The next step is to apply the clustering model for each new data sample and to detect anomalies by calculating Z-scores. This approach is reasonable because the actual velocity deviations from the setpoint are normally distributed. By default, the standard deviation threshold was chosen as three; however, it could be further tuned to achieve the desired sensitivity.

Calculation code:

create table industrial_ladle_demo.ladle_clusters_statistics as 
select 
  CENTROID_ID,
  STDDEV(setpoint_velocity) as velocity_std,
  3 as num_std,
  3 * STDDEV(setpoint_velocity) as velocity_std_threshold
FROM ML.PREDICT(MODEL industrial_ladle_demo.clustering_model, 
  (
    select 
      setpoint_velocity 
    from industrial_ladle_demo.ladle_hist
        )
  )
group by CENTROID_ID

A scheduled BigQuery task calculates anomalies every 15 minutes. Finally, the anomaly detection results are stored in BigQuery as follows:

*Figure 7: Anomaly detection results table*

Given that the results stored in BigQuery provide both the time of anomaly occurrence and the fulcrum point of the chain, it becomes readily identifiable if the chain needs inspection and which particular segment needs to be examined.

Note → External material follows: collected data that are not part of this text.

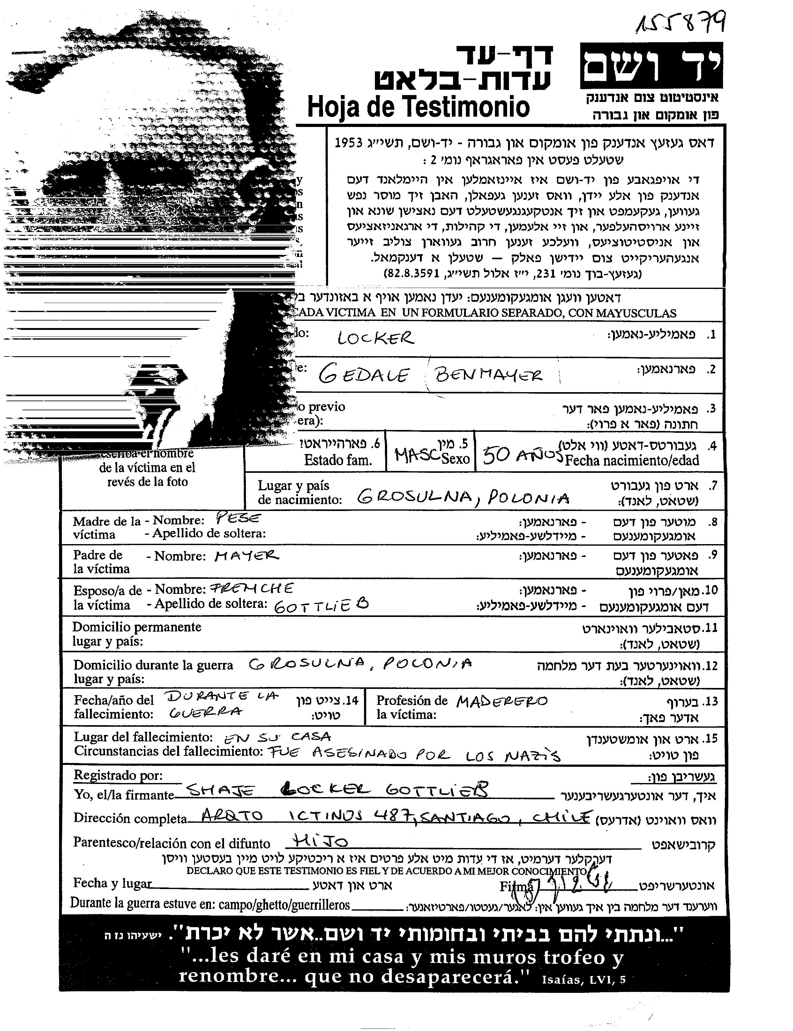 Gedale Locker wurde in Rosulna, Polen geboren. Er war Getreidehändler/-in. Vor dem Zweiten Weltkrieg lebte er in Rosulna, Polen.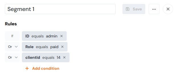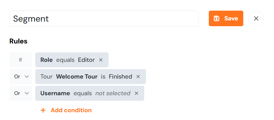 For example, you might create a segment to target users whose role is Editor and who have completed the "Welcome Tour" OR have been on the platform for at least 30 days. This flexibility allows you to create nuanced targeting rules to fit your audience.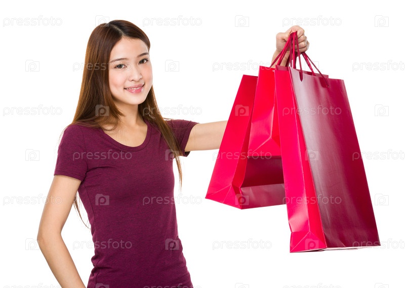 Азиатская женщина с покупками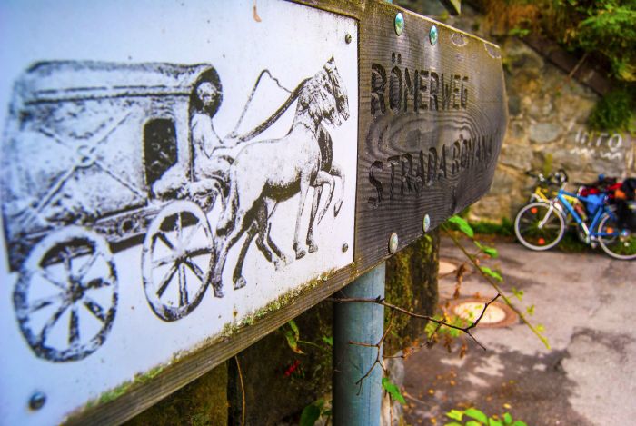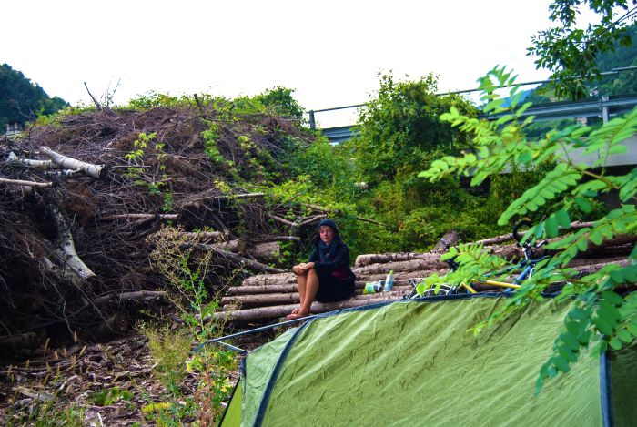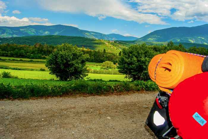 Zusammen mit einem Rucksackreisenden gingen wir in den Bunker, der in sehr gutem Zustand und labyrinthhaft verzweigt war. Das gesamte nördliche Südtirol beherbergt ein Bunkernetzwerk, das früher die Annektion Norditaliens durch das Dritte Reich verhindern sollte. Die alte Römerstraße Richtung Brixen ist gesäumt von vielen alten leerstehenden Bauwerken. Bei Brixen sahen wir endlich die ersten Weinberge und Apfelbaumplantagen. Wir radelten weiter Richtung Bozen. Nach den ersten Regentropfen schlugen wir unser Lager kurz von Klausen auf. Es regnete die ganze Nacht hindurch.“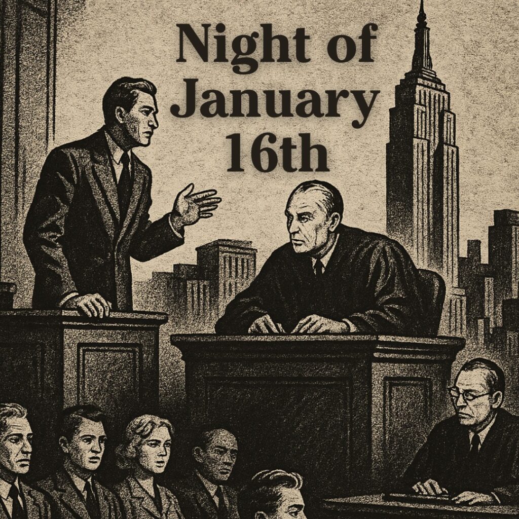 Audition: The Night of January 16th by Ayn Rand We’re short a few roles. Please contact the director Johann Van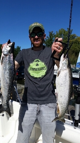littleboat Posted September 20, 2016 Posted September 20, 2016 Holland am, 9-20-16 Fished 7:30-11:30, in 90-125 fow, 2/4, one coho and one laketrout. Both on same DR with different spoons. Lots of marks in 110-125 zone. Waves started as 3 ft rollers, but eventually layed down. 1st DR hit, one laker on uv blue dolphin, bk 40, south troll, in 110ft, 100ft down, ball temp 46.3, speed 2.7. 2nd DR hit, one coho on blue flounder pounder, bk 35, south troll 2.8, temp 46.8, down 78, in 122 fow. Two other lost on 270 cu with jager bomb. Spit the hook. Tim joined me today. 5
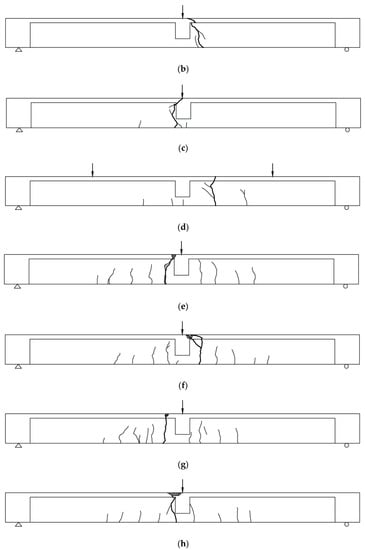 Cracking patterns of specimens: (a) E30-P100-D0-L3; (b) E45-P100-D0-L3; (c) E55-P100-D0-L3; (d) E45-P100-D0-L4; (e) E30-P85-D0-L3; (f) E30-P85-D3-L3; (g) E30-P85-D6-L3; (h) E55-P68-D0-L3.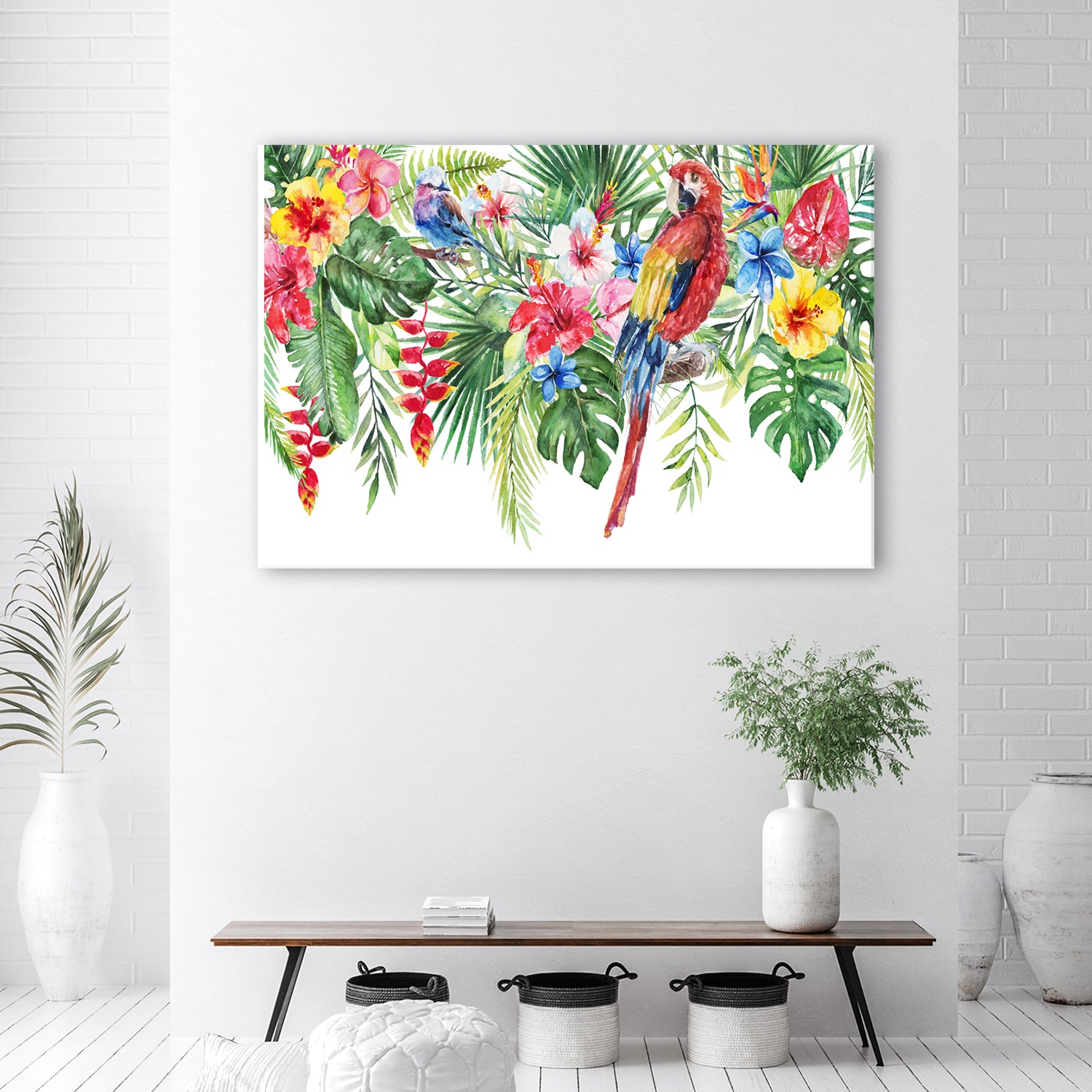 Deco panel print, Leaves flowers and parrot

*Figure 8: Example of a cycle of industrial ladle movements with anomalies detected*

BigQuery ML: Clustering model retraining

Since BigQuery ML enables training models using standard SQL to automate overall model creation and training processes, scheduled queries were used. Therefore, the clustering model retraining and standard deviation statistics calculation for each cluster is planned to be scheduled every week, provided that this period is reasonable in terms of collecting new amounts of data.

Visualization

One way to implement visualization for the project is to apply a set of ready-to-use Looker dashboards. This instrument allows us to assess real-time analytics of the target variable and generate alerts for anomalies detected. A detailed description of this approach can be found in part 2 of the blog post series.

Conclusion

This blog has demonstrated how to build a streaming anomaly detection solution for industrial targets using GCPinstruments and BigQuery ML in particular. Although detecting anomalies based on the historical distribution of the target variable may not be completely accurate, it indeed does find abnormal cases. Further investigation of the patterns where anomalies were present could provide a more sustainable solution and should be case-specific.